Les étudiants ont donc été plusieurs à rapporter qu'ils ont rencontré le problème de la corruption tout au long de leur éducation préuniversitaire et surtout au cours de leur dernière année au high school où ils se retrouvent souvent dans une situation où des frais informels apparaissent, leur offrant l'opportunité de sécuriser un avantage en regard de leur réussite. Ils sont alors grandement encouragés à payer leur enseignant pour une classe spéciale où ils font la révision pour le prochain examen, ou tout simplement pour avoir le droit de faire cet examen. D'autres cas rapportés font mention de classes payantes où l'étudiant est seul avec l'enseignant qui lui donne littéralement toutes les réponses pour l'évaluation à venir. Évidemment, d'autres échanges monétaires sont aussi perçus pour tout simplement améliorer les notes des étudiants ou pour passer au grade suivant sans avoir rempli les exigences (UNDP 2014 : 1).

À ces problèmes, les solutions envisagées par les organisations internationales, comme le UNDP par exemple, se trouvent toujours du côté de la bonne gouvernance et de la bureaucratisation qui aideront à implémenter les mesures anticorruption, à aggraver les peines pour corruption alors qu'elles sont présentement plus sévères pour les fausses allégations, ou encore à informer davantage les Cambodgiens qui de toute manière voient actuellement seulement 2% de leurs plaintes traitées (EAR 20116 : 162-167). Dans le

domaine de l'éducation supérieure, ce sont souvent des projets d'assurance de qualité qui sont proposés. En introduisant davantage d'auto-évaluations, de formalités administratives et d'évaluations périodiques, les universités pourraient atteindre les standards internationaux et obtenir une accréditation externe ouvrant la porte à la mobilité des étudiants, au transfert de crédits et à la collaboration dans le milieu de la recherche (Sothy, Madhur et Rethy 2015 : 58- 59). On voit ici une ressemblance avec les objectifs du FMI. Pour l'université, les pratiques de bonne gouvernance visent moins à freiner la corruption qu'à adopter une structure qui lui permet d'avoir des interlocuteurs internationaux avec qui elle peut échanger d'égal à égal.
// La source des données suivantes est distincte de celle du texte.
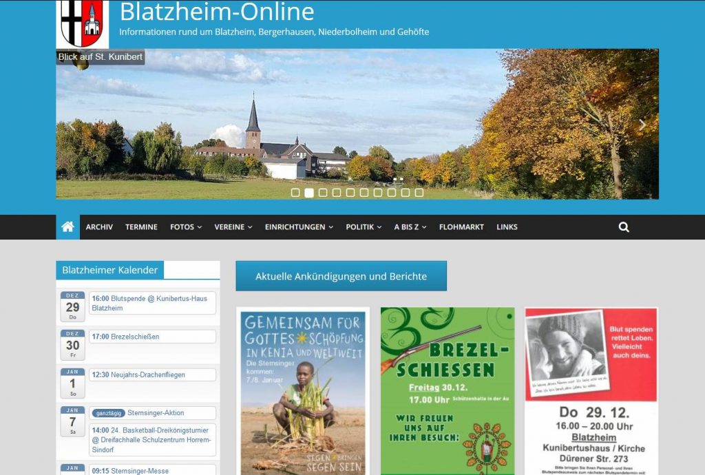Seit dem 01.10.1999 berichtet www.kerpen-blatzheim.de über (fast) alles, was rund um Blatzheim, Bergerhausen, Niederbolheim und Gehöfte geschieht. Normalerweise werden jeden Sonntag-Abend die neuesten Meldungen der Woche ins Internet gestellt.
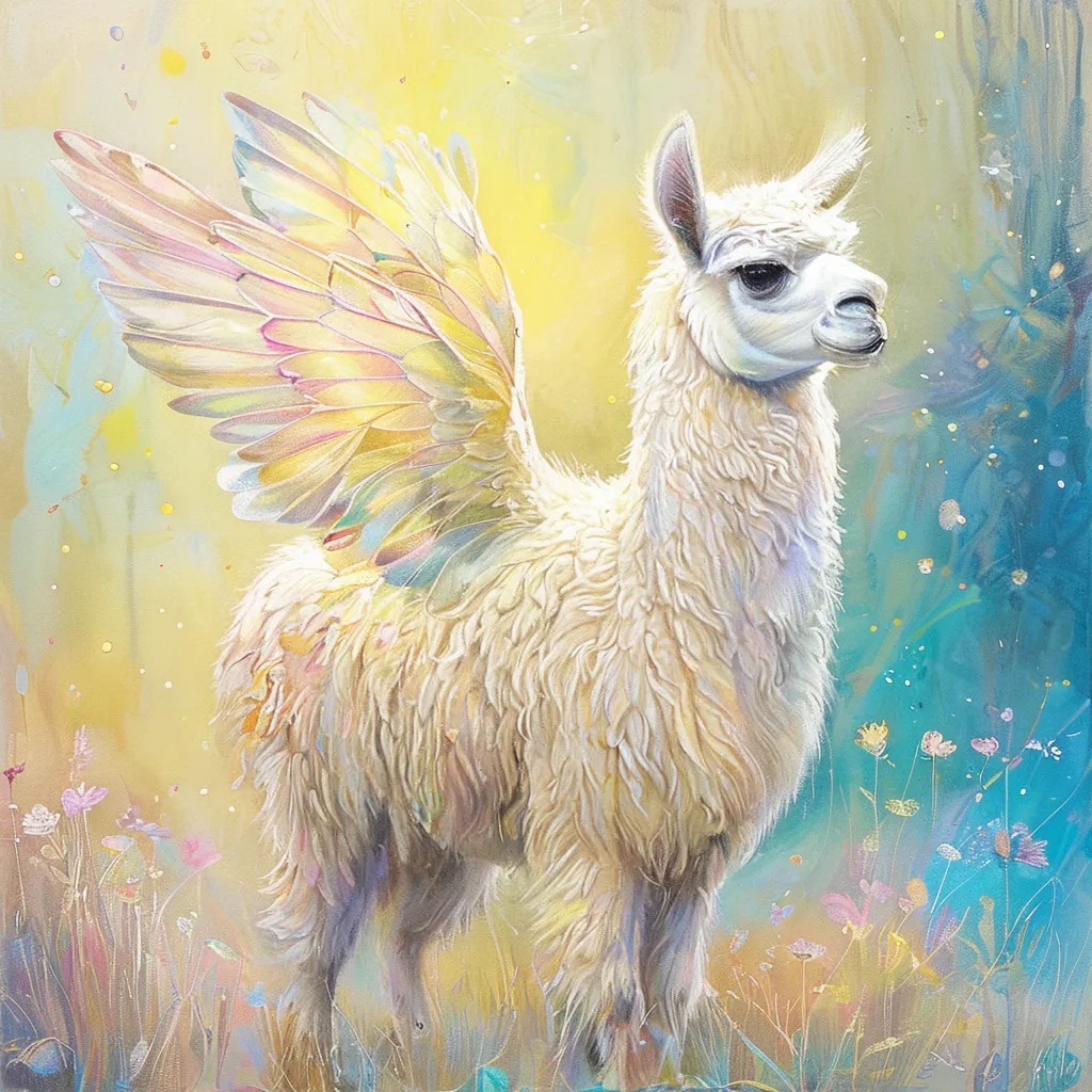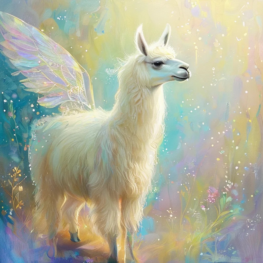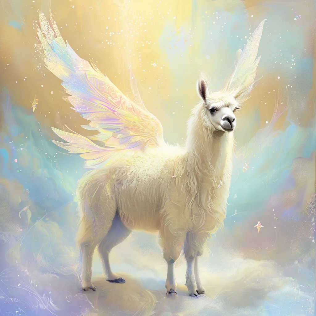 a white llama depicted in a Dreamy Dawn Fairy Realm, where delicate, iridescent wings, and soft, pastel hues evoke a sense of gentle wonder and magic. Use a color palette of soft, shimmering yellow and blue to capture the essence of the fairy realm.
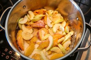 4. Оставить фрукты в сахаре хотя бы на 1 час, чтобы они пустили сок и при варке не пригорали. Затем поставить фрукты на слабый огонь, дождаться, когда фруктовый сок закипит и варить после запекания, часто помешивая, примерно 30 минут. Снять кастрюлю с вареньем с плиты и дать полностью остыть. Кстати, остывшее варенье можно измельчить погружным блендером, если захотите приготовить джем.
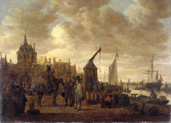 scène (Dordrecht, port, quai, marchandises, tonneau, vin, cavalier, bateau)
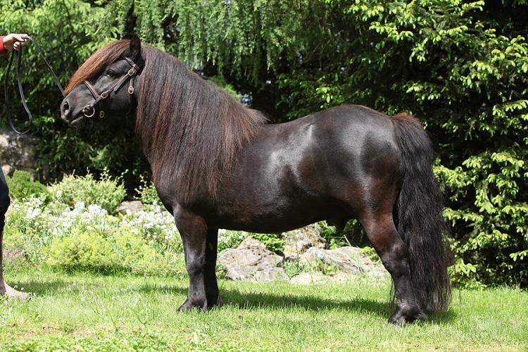 Přes 14 generací promyšleného chovu nese ve svých liniích hřebec Harviestoun Petraeus získaný od paní baronky Lucy Poett ze Skotska. Je to korektní zdravý hřebec středního rámce, má výborné končetiny, mohutnou kostru, hustou hřívu a ocas. Několik generací jeho potomků u nás narozených ukazuje, že je opravdu zlepšovatel v celkovém měřítku všech parametrů. Produkuje vyšší potomky než je sám. U nás nyní nevyužitý chovně - změna linií.

De leur côté, les étudiants proposent une solution beaucoup plus sensible au contexte local, croyant qu'en améliorant le salaire des enseignants, il serait possible de neutraliser le problème de corruption dans le milieu de l'éducation. Ils sont d'avis que ces pratiques sont à proscrire, mais ils comprennent aussi qu'en ce moment, il s'agit littéralement d'une question de survie pour les enseignants. La combinaison entre les coûts de la vie qui augmentent sans cesse et leur salaire atrocement bas qu'ils reçoivent parfois très en retard, voire jamais, obligent plusieurs d'entre eux à chercher un revenu supplémentaire payé directement par les élèves (Ear 2016 : 162; Sothy, Madhur et Rethy 2015 : 47), ou encore en occupant un second emploi, comme c'est le cas pour au moins le trois quarts d'entre eux (jusqu'à 93% selon une étude récente) qui se tournent alors vers le tutorat privé ou l'agriculture (UNESCO et IIEP 2011 : 40-41). Ces frais informels sont une menace à l'éducation universelle pour tous et mettent évidemment en danger sa qualité (UNDP 2014 : 1; 6). De plus, la situation actuelle enseigne malheureusement aux jeunes qu'il est normal de soudoyer les autorités pour avoir accès aux services publics, un type d’interaction qui se multiplie à la fin des études au moment de se trouver un emploi ou à d'autres occasions dans leur vie d'adultes (Peou 2017 : 27).